== Extracted material ==

____________

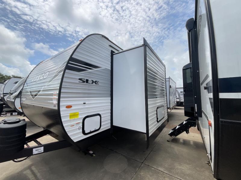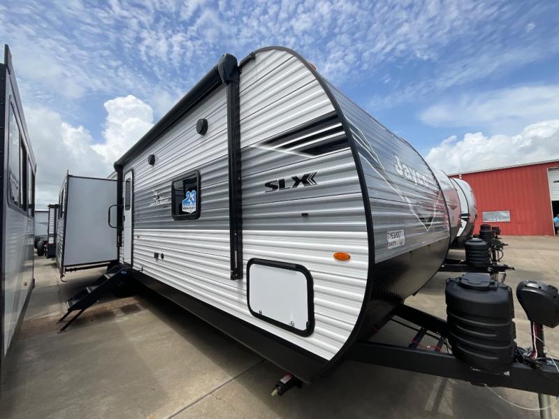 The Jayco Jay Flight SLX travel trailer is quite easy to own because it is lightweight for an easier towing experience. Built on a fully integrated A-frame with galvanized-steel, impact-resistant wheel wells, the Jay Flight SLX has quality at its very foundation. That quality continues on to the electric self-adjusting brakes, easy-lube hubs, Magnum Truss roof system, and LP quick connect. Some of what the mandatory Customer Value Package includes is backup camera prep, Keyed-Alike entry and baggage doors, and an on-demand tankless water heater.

____________

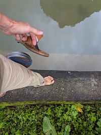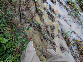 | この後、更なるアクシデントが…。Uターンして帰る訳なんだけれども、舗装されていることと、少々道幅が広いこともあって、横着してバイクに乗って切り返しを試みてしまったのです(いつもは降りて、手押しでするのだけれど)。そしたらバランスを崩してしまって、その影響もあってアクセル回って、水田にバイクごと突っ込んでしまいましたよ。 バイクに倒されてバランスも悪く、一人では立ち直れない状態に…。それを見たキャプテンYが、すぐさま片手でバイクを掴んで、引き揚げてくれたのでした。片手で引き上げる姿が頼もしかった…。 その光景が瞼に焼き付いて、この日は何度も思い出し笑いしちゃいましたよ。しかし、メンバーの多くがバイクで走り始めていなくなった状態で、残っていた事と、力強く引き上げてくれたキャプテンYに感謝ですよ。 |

____________

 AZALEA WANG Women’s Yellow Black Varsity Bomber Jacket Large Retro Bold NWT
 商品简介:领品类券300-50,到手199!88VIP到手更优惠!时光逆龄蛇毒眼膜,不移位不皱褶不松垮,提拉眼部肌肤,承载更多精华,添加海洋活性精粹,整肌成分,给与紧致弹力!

____________

== Task to carry out ==
Your answer should be the lines above from the one containing "AZALEA WANG Women’s" through the one containing "商品简介:领品类券300-5", copied exactly and with both ends kept.

== Reply to the exercise ==
 AZALEA WANG Women’s Yellow Black Varsity Bomber Jacket Large Retro Bold NWT
 商品简介:领品类券300-50,到手199!88VIP到手更优惠!时光逆龄蛇毒眼膜,不移位不皱褶不松垮,提拉眼部肌肤,承载更多精华,添加海洋活性精粹,整肌成分,给与紧致弹力!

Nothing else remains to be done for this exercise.